El tono del director de la fábrica se volvió de repente algo molesto: —Ya conoces nuestro taller de mantenimiento, aunque tenemos poca gente, tenemos muchas áreas lucrativas.
—Pues metió a varias personas que no hacen nada para que cobren un sueldo.
—Meter a gente para que cobre sin hacer nada sería una cosa, pero, joder, no para de cambiarme la organización de las órdenes de compra, eligiendo proveedores de a saber dónde, y la mercancía que llega es al menos dos categorías inferior.
—Él se lleva su tajada tan felizmente, y a mí me está dando un verdadero dolor de cabeza.
—¿Cuánta gente hay en el taller de mantenimiento?
—No hace mucho, murieron varias personas con el tiempo. A duras penas conseguí contratar a tres novatos, pero uno murió, otro era un espía y solo queda uno vivo.
—Con tan poca gente, todavía hay quienes cobran sin trabajar cada día, el viejo Wu anda revolviendo para escaquearse del trabajo, y Calvo también está bastante molesto, dándome la lata constantemente con que ya ha ganado suficiente y quiere jubilarse.
—El único novato que sobrevivió de antes ahora se considera un veterano.

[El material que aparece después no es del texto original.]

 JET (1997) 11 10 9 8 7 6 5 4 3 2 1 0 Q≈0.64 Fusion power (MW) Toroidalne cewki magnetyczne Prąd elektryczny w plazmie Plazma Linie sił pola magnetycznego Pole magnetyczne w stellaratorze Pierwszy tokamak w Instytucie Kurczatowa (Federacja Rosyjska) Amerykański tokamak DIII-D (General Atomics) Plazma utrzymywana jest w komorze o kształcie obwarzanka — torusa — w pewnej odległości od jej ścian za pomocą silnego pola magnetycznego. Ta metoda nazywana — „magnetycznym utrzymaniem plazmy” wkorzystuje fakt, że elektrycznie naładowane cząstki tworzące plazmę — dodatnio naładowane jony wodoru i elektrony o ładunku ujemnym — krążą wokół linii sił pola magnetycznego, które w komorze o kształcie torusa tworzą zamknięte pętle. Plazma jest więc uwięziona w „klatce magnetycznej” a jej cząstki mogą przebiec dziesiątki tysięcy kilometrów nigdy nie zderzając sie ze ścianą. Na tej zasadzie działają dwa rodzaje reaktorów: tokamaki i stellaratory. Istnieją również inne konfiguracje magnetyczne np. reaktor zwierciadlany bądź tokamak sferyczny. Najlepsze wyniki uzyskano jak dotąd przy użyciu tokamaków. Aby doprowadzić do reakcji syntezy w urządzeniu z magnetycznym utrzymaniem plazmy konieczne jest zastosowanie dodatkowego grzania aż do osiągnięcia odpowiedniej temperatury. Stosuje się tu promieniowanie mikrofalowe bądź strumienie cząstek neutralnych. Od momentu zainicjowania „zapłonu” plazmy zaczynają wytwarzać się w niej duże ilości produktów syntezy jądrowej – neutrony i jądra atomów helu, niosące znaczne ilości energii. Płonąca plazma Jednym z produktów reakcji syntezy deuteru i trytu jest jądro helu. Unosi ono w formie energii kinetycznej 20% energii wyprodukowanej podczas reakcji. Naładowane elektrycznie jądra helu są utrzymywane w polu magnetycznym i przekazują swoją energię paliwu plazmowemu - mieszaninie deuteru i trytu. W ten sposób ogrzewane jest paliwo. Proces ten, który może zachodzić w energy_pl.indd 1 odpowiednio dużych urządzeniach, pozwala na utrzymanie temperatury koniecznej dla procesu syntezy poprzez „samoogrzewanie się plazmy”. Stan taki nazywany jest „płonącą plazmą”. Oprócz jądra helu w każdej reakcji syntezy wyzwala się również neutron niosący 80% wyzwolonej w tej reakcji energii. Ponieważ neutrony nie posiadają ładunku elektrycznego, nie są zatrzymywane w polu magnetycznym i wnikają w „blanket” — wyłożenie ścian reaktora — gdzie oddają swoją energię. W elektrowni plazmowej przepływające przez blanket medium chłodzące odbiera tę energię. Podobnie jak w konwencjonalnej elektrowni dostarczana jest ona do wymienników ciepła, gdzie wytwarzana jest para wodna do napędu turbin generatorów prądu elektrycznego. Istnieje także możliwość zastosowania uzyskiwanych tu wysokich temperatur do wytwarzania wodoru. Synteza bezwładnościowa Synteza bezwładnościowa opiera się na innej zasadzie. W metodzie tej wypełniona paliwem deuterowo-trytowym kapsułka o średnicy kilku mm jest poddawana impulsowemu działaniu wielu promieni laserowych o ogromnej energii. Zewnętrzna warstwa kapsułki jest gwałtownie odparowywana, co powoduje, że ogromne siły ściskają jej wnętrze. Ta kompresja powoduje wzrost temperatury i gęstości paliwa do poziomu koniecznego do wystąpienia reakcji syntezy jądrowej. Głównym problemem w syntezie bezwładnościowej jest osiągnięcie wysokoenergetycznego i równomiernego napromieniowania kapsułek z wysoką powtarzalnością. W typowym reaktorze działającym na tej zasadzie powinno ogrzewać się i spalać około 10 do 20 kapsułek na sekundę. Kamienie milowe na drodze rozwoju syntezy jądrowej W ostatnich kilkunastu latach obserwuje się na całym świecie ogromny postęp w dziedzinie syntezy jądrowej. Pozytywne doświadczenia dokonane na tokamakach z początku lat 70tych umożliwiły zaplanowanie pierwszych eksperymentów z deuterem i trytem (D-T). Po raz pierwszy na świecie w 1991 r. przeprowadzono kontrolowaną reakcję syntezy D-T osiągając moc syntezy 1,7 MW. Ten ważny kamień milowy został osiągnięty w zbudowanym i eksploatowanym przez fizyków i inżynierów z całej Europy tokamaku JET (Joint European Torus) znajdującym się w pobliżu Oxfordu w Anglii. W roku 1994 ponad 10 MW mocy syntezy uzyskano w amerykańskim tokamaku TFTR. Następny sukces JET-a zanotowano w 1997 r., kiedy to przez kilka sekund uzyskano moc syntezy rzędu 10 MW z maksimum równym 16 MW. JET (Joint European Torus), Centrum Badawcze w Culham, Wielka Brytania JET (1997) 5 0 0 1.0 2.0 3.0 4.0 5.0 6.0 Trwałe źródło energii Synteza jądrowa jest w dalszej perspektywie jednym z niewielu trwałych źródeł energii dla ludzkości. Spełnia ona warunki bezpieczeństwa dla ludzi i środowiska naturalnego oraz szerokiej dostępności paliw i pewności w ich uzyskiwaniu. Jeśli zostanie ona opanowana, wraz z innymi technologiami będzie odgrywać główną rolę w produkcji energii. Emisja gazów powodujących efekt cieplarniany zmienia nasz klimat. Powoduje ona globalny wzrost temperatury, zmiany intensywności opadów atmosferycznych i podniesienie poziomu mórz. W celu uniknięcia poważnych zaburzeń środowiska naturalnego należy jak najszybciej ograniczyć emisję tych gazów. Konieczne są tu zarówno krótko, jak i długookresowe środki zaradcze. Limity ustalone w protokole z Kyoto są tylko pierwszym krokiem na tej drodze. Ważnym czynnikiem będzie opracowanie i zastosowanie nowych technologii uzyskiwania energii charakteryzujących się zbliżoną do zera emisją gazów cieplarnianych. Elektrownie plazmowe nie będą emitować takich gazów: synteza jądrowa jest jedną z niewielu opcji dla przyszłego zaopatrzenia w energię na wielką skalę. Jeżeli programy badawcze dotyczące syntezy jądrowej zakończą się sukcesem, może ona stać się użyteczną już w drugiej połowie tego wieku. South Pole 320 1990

—Es incluso más joven que tú, pero tiene un temperamento de mil demonios. Delante de ti, del viejo Wu y de otros veteranos es como un niño obediente, pero en cuanto se encuentra con esos directores tontos puestos por ese idiota, quiere discutir, y en cuanto empiezan, la cosa acaba en pelea.
—Todavía tengo que intervenir, y si no estoy cerca, no puedo detenerlo y encima tengo que limpiar su desastre; si él también se va, de verdad que no tendré a nadie para trabajar.
—Además, los pocos novatos que he reclutado recientemente por mi cuenta, todavía no han dicho nada y están aprendiendo la tecnología, pero si siguen viendo a más de esos holgazanes, tarde o temprano, volverán a surgir problemas.
—De verdad que estoy… Uf, es un dolor de cabeza.
El director de la fábrica soltó un largo suspiro, expresando todas sus quejas de una sola vez.
Estaba claro que la presión era realmente grande y necesitaba desahogarse un poco.
Y según la impresión de Chen Ming, al director de la fábrica en realidad le gustaba el dinero.
Anteriormente, cuando se dedicaba a la restauración de artículos de segunda mano por su cuenta para sacar beneficios, parecía bastante molesto cuando no pudo continuar.
De repente, alguien viene directamente a arrebatar el negocio del taller de mantenimiento; incluso podría decirse que están intentando cerrar el taller.
Si el director de la fábrica no estuviera enfadado, eso sí que sería extraño.
Así que, Chen Ming, muy considerado, preguntó: —¿Justo tengo que volver en estos días, debería encargarme de esta gente de paso?
El director de la fábrica se quedó atónito por un momento y luego dijo rápidamente: —No, no, no, cada ofensa tiene su culpable. Si te roban tus recursos y tu nave espacial, deshazte de su jefe, con eso es suficiente.